On Feb 15, 2008, at 1:15 PM, Craig Prescott wrote:

>
> Hi;
>
> We had a couple of our Lustre clients get horked last night (one
> o2ib, and one tcp), df on the clients reported 'Input/output error'
> for the Lustre fs.
>
> Here's what was in the syslog of our MDS/MGS regarding the two
> nodes:
>
> Feb 14 22:50:43 hpcmds kernel: LustreError:
> 26165:0:(handler.c:1498:mds_handle()) operation 35 on unconnected MDS
> from 12345-10.13.18.156 at tcp
> Feb 14 22:50:43 hpcmds kernel: LustreError:
> 26165:0:(ldlm_lib.c:1437:target_send_reply_msg()) @@@ processing error
> (-107)  req at ffff81011fa81400 x7753405/t0 o35-><?>@<?>:-1 lens 296/0  
> ref
> 0 fl Interpret:/0/0 rc -107/0
> Feb 14 22:50:43 hpcmds kernel: LustreError:
> 26165:0:(ldlm_lib.c:1437:target_send_reply_msg()) Skipped 9 previous
> similar messages
> Feb 14 23:01:54 hpcmds kernel: LustreError:
> 31054:0:(handler.c:1498:mds_handle()) operation 35 on unconnected MDS
> from 12345-10.13.26.125 at o2ib
> Feb 14 23:01:54 hpcmds kernel: LustreError:
> 31054:0:(ldlm_lib.c:1437:target_send_reply_msg()) @@@ processing error
> (-107)  req at ffff810123416c00 x73394313/t0 o35-><?>@<?>:-1 lens 296/0  
> ref
> 0 fl Interpret:/0/0 rc -107/0
>
> The corresponding syslog from one of the clients is appended below
> (they were very similar).
>
> Does anyone recognize this?  It says ENOTCONN, but there is no  
> evidence
> of anything being wrong with our ethernet or IB networks.  There  
> aren't
> any locking complaints.
>
> We are running Lustre 1.6.3 (plus a couple of patches) with a combo
> MGS/MDS.  Kernel is a fully patched 2.6.18-8.1.14el5 everywhere.
>
> Thanks,
> Craig
>
>
> Feb 14 23:01:54 r5b-s14 kernel: LustreError: 11-0: an error occurred
> while communicating with 10.13.24.40 at o2ib.

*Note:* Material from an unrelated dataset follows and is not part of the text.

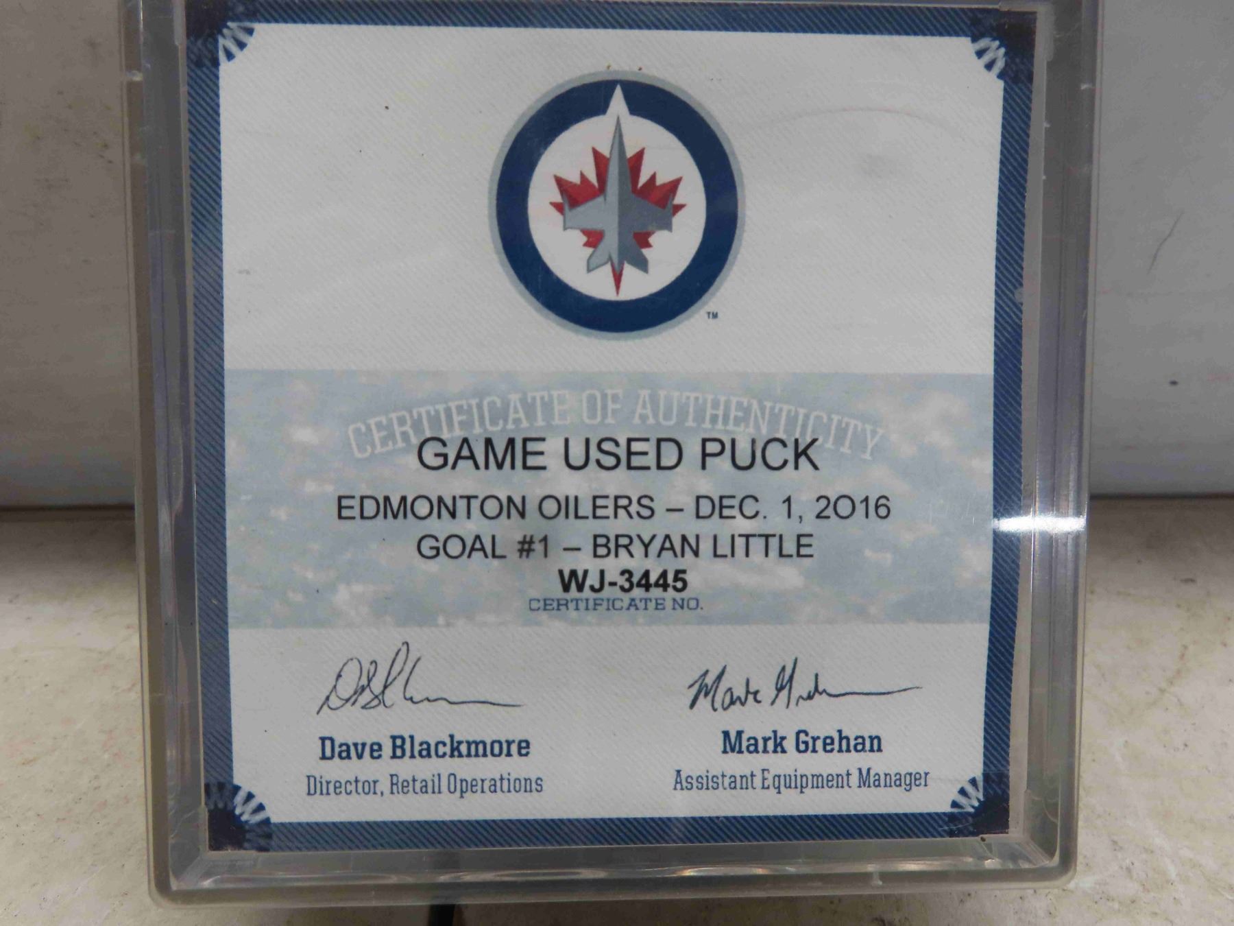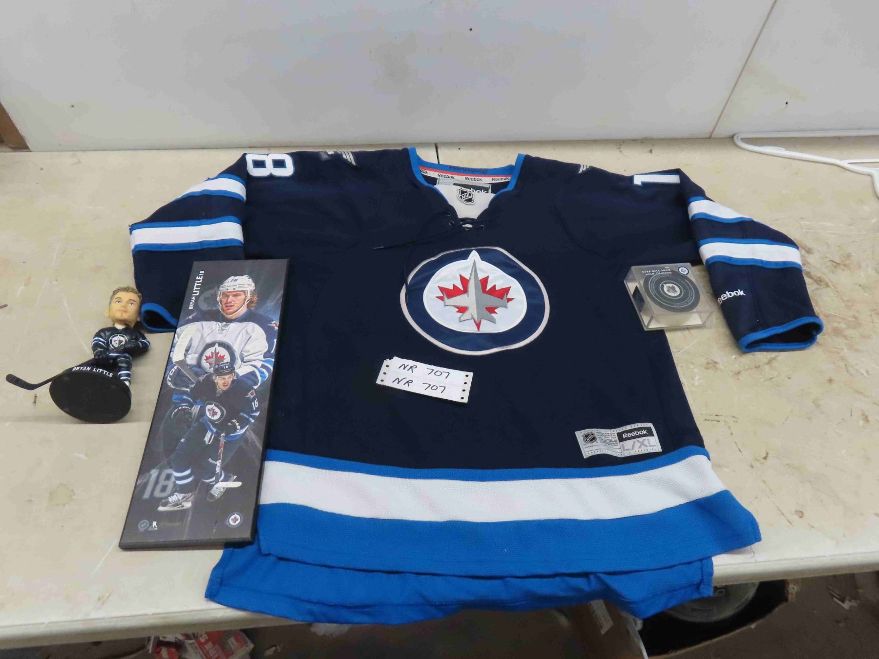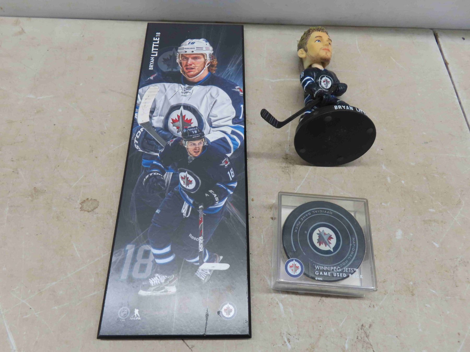 Winnipeg Jets Signed Jersey #18 Size Youth L/XL , Bryan Little Bobblehead, Plaque, Jets Game Used Puck
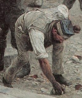 ********** 1878 A cartoon of a carpenter wearing a paper hat appeared in the magazine Punch of November 23rd 1878. (Information from Juan Gimeno) ********** The issue of 'The Illustrated Carpenter and Builder' for January 11, 1878 (p 28) contains instructions for making a Workman's Hat. Information from Matthew Demakos. In this verson the excess paper isfolded into the brim. Although the instructions say 'Calculate the size of your head and foldin the corners ...' no method of achieving the desired size is given. ********** The issue of 'The Illustrated Carpenter and Builder' for February 1, 1878 (p74) also contains instructions for making a Workman's Hat. Information from Matthew Demakos. This versionbegins from a square and uses division into thirds to establish the size of the brim. ********** 1881 This photo, taken in 1881, shows papermill workers at Tuckenhay wearing Workmen's Hats. Information from Mike Malley. ********** 1883 The issue of 'English Mechanic and World of Science' for August 24, 1883 (p581) also contains instructions for making a Workman's Hat. Information from Matthew Demakos. This version includes the method of sizing the hat to fit. The excess paper is cut away. The writer recommends getting anotherperson to help with the rolling up of the brim and that the brim should be glued in place. ********** 1885 This cartoon titled " Fresh paint!" and representing Lord Salisbury and Lord Randolph Churchill painting a statue representing Britain after the absorption by the state of the East India Company was published in 'Punch' on 4th July 1885. (Information from Juan Gimeno) ********** 1886 The German born Robert Koehler, who spent time in America, painted this famous work, 'The Strike', in Munich in 1886, Although painted in Germany the picture is set in America. It includes three figures wearing Workman's Hats, one of whom is bending down to pick up a rock, presumably to throw at the top-hatted figure on the left. The hat this bent-over figure is wearing appears to be made from paper which is blue on one surface and white on the other. I do not know if there is any particular significance to this. The work was heavily restored in 1971 and is now in the Deutsches Historisches Museum in Berlin. I learned of the existence of this picture from Juan Gimeno.

The mds_close operation
> failed with -107
> Feb 14 23:01:54 r5b-s14 kernel: Lustre:
> ufhpc-MDT0000-mdc-ffff81022dfac400: Connection to service ufhpc- 
> MDT0000
> via nid 10.13.24.40 at o2ib was lost; in progress operations using this
> service will wait for recovery to complete.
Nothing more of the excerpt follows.